--Moderately overweight on equities
--Favors stocks whose growth prospects not heavily reliant on Europe, macroeconomic environment
--Increases exposure to Google, Amazon, Time Warner
By Amy Or
January's equities rally may have prompted some investors to pile back into the asset class, but Manning & Napier's investment manager is cautious, especially regarding what to buy.
"We are biased towards companies that have unique growth drivers that would divorce them from what's going on in Europe," said Christian Andreach, co-head of global equities at Manning & Napier, and one of several managers of the Pro-Blend Extended Term Series (MNBAX). "We'd like to see rotation into companies that have compelling and identifiable growth tailwinds and are not dependent on government spending and cyclical consumer spending. In other words, companies who control their own destiny."
Equities indices, like the S&P 500 and the Dow Jones Industrial Average, have risen about 5% so far this year and in a rather stable trajectory, as investors shift their focus onto company fundamentals and away from the global economic slowdown and Europe's sovereign debt crisis. The rally prompted a few seasoned managers to preach the benefits of owning stock.

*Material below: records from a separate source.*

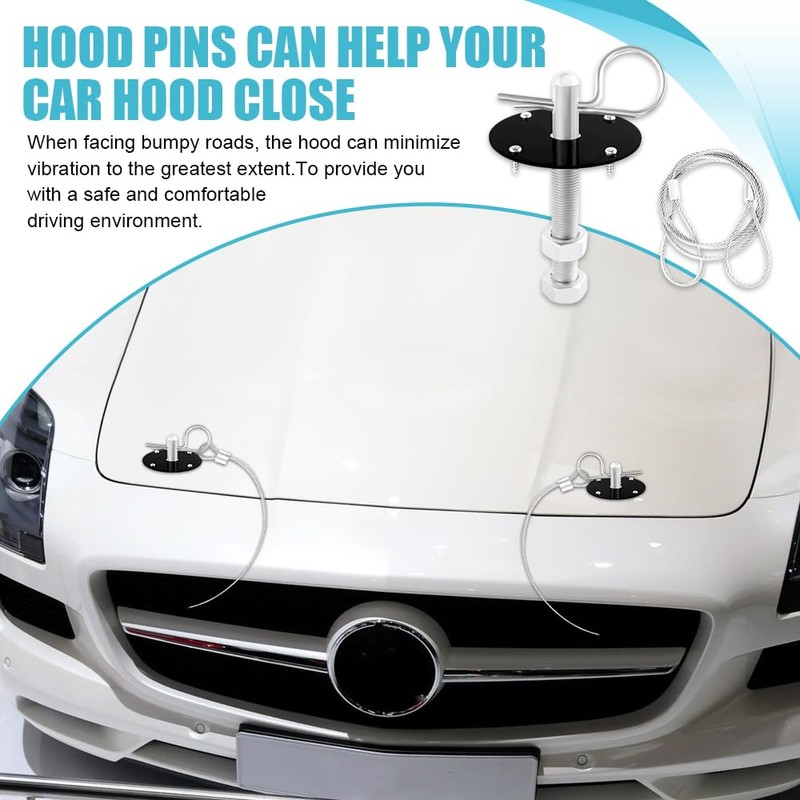 - [Main function] : These locking hood pins kit for car can help firmly lock the hood/engine cover of the car, avoid vibration or accidental opening of the hood when driving at high speed or on bumpy roads, improve driving safety and protect car parts
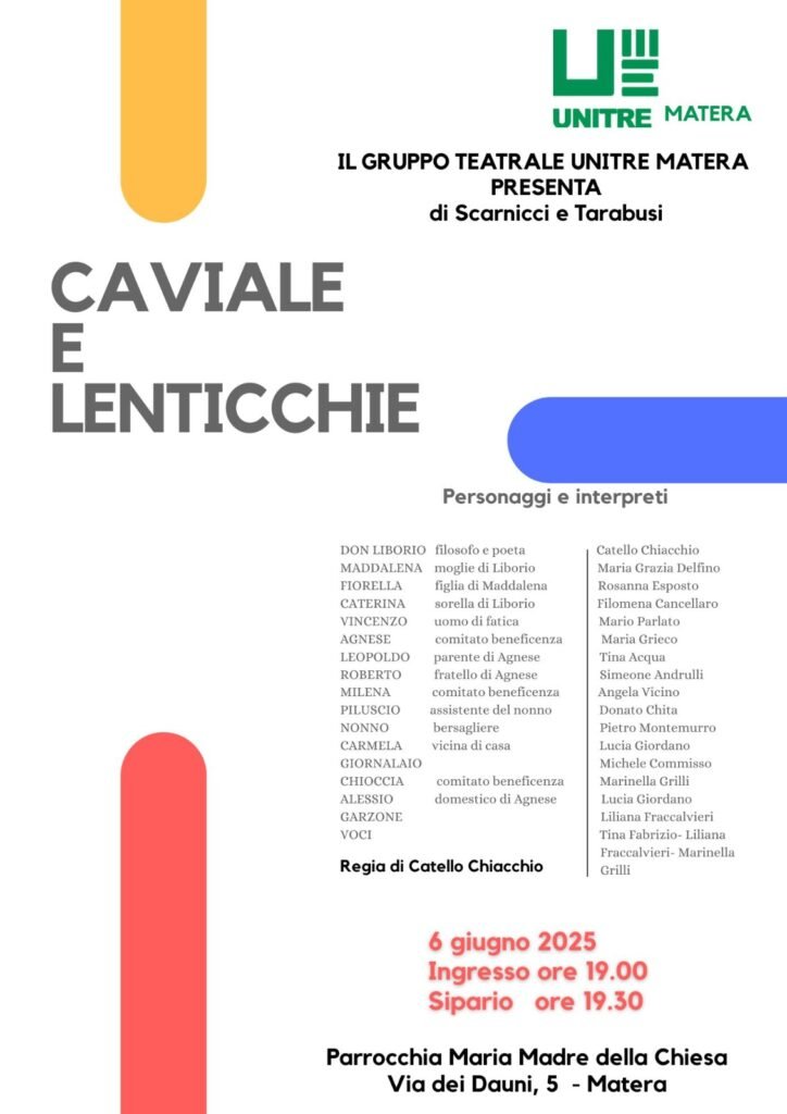 Venerdì 6 giugno, nell’Auditorium della parrocchia Maria Madre della Chiesa, con ingresso alle ore 19.00 e sipario alle ore 19.30, l’UNITRE di Matera presenta, a conclusione del corso di Teatro condotto dal professor Lello Chiacchio, “Caviale e Lenticchie”, di Scarnicci e Tarabusi”. Gli iscritti al Laboratorio teatrale nell’Anno Accademico 2024/25, appena concluso, dopo aver approfondito, anche nel corso degli anni precedenti, argomenti riguardanti la recitazione: dalla ortoepia, alla prosodia, dallo studio del testo all’analisi del personaggio, hanno dedicato il loro impegno alla messa in scena di un’intera commedia dei suddetti due autori fiorentini ambientata negli anni Cinquanta del secolo scorso. Vi aspettiamo numerosi per divertirci insieme e gustare le intricate e tragicomiche vicende della famiglia Lamanna, una famiglia davvero particolare e alquanto pittoresca.
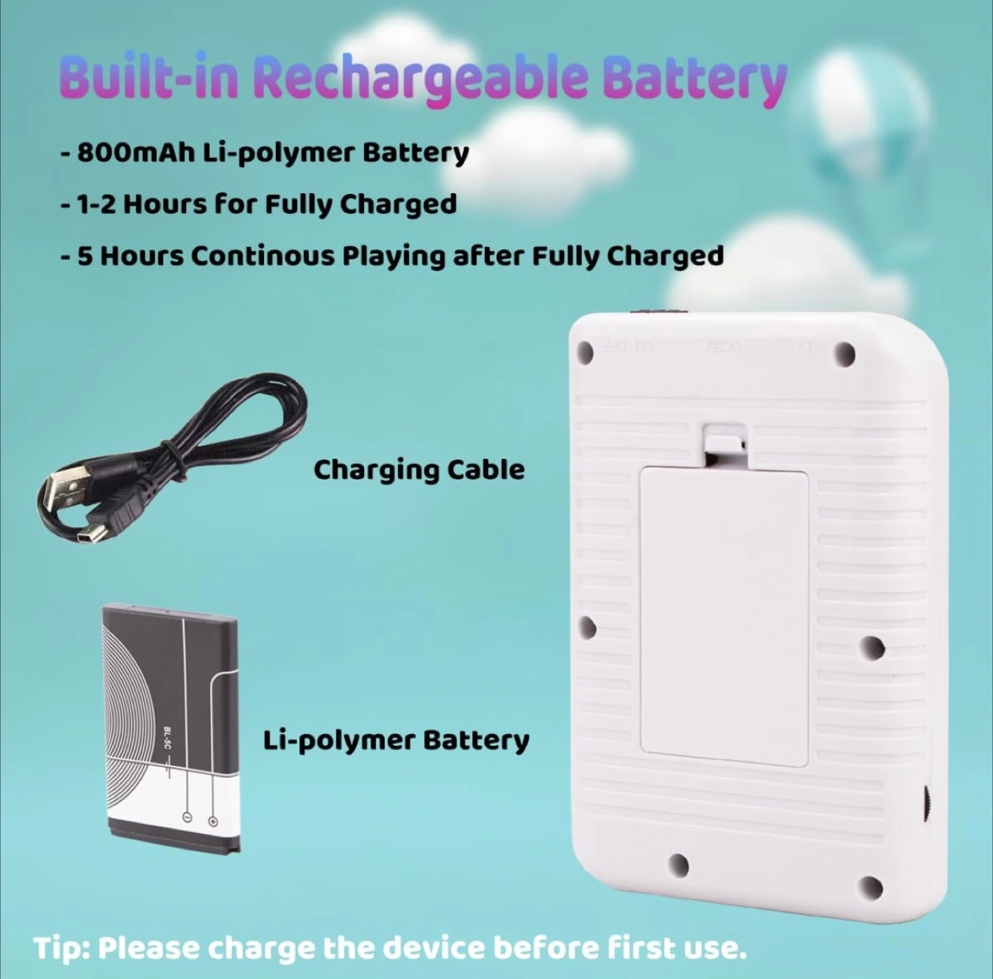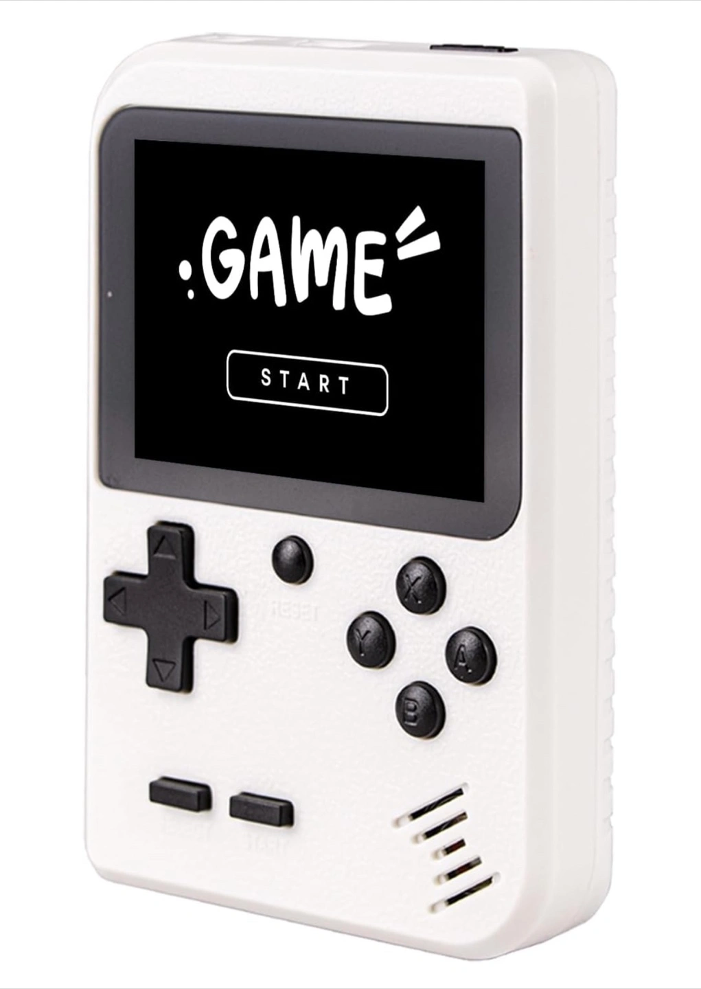 265Portable gaming system. Features a 2.8" colour screen. Includes 400 8-bit games. AV output for TV connection. Rechargeable battery. Includes USB charging cable and AV cable. Compact and lightweight design. Perfect for kids.
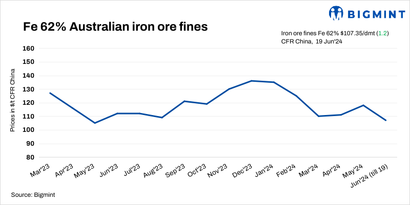 Iron ore fines (Fe 62%) spot prices increased by $1.2/t d-o-d to $107.35/t CFR China on 19 Jun’24. Prices rose after significant volumes of medium-grade fines were traded, but the focus on downstream margins remained crucial for short-term purchases. Chinese portside prices were stable as spot demand was low. However, reports suggest that steel mills are showing little interest in procuring spot cargoes.
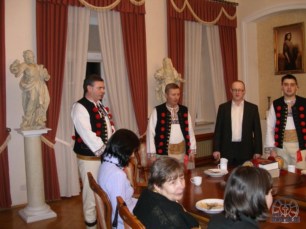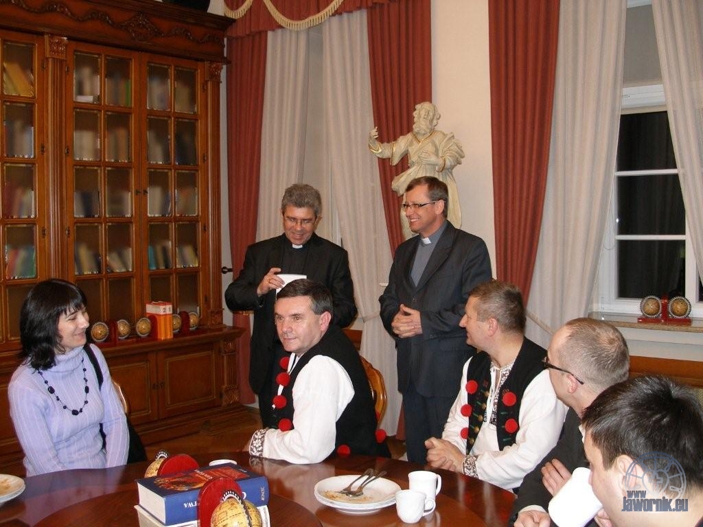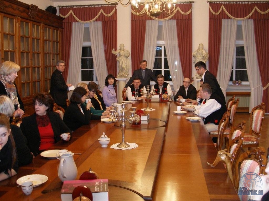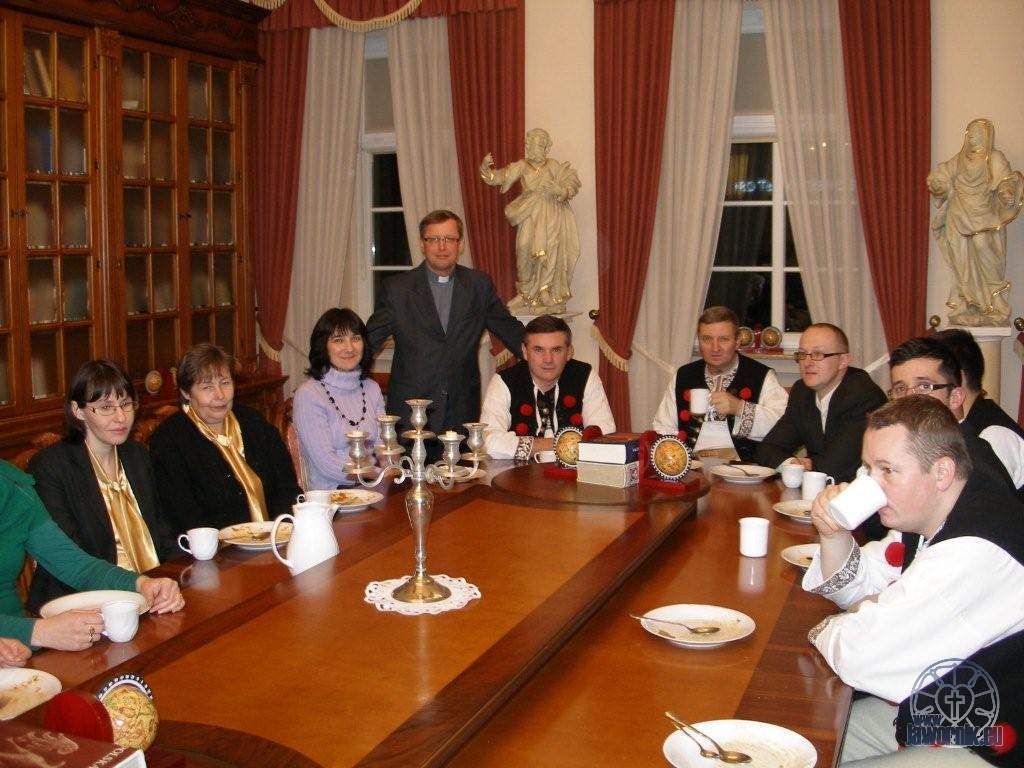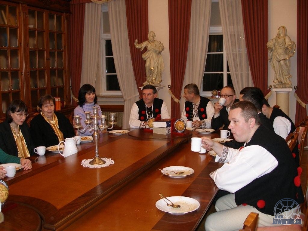 Po koncercie zaproszeni zostaliśmy na ciepłą kolację - smaczny bigos i herbatę. Ale to nie była jedyna uczta dla podniebienia tego dnia. Przed koncertem podejmowani byliśmy kawą i wspaniałymi wypiekami przez ks. Mariana Niemca i jego małżonkę. Zwiedziliśmy kościół, przetestowaliśmy jego akustykę i zgłębiliśmy wiedzę na temat burzliwych dziejów luteranizmu na opolskiej ziemi, którą podzielił się z nami ks. proboszcz.

Last week, money manager BlackRock Inc. (>> BlackRock, Inc.) Chief Executive Larry Fink said he thinks investors should "be 100% invested in equities" on their low valuations and high dividend yields, while billionaire investors Warren Buffett said owning equities are far better over the long term than bonds or gold--two assets that "enjoy maximum popularity at peaks of fear."
The Pro-Blend Extended Term Series doesn't have as aggressive an attitude toward equities like some seasoned investment managers. It is a $1.2 billion lifestyle fund which receives a four star rating from Morningstar and three stars from S&P Capital IQ. It is moderately overweight with a 58% allocation to equities. Bonds, principally intermediate-term fixed income instruments, account for just over a third of the assets. The fund has a mandate to keep equities within the 40%-70% range.
"There's no real big asset allocation call," Andreach said.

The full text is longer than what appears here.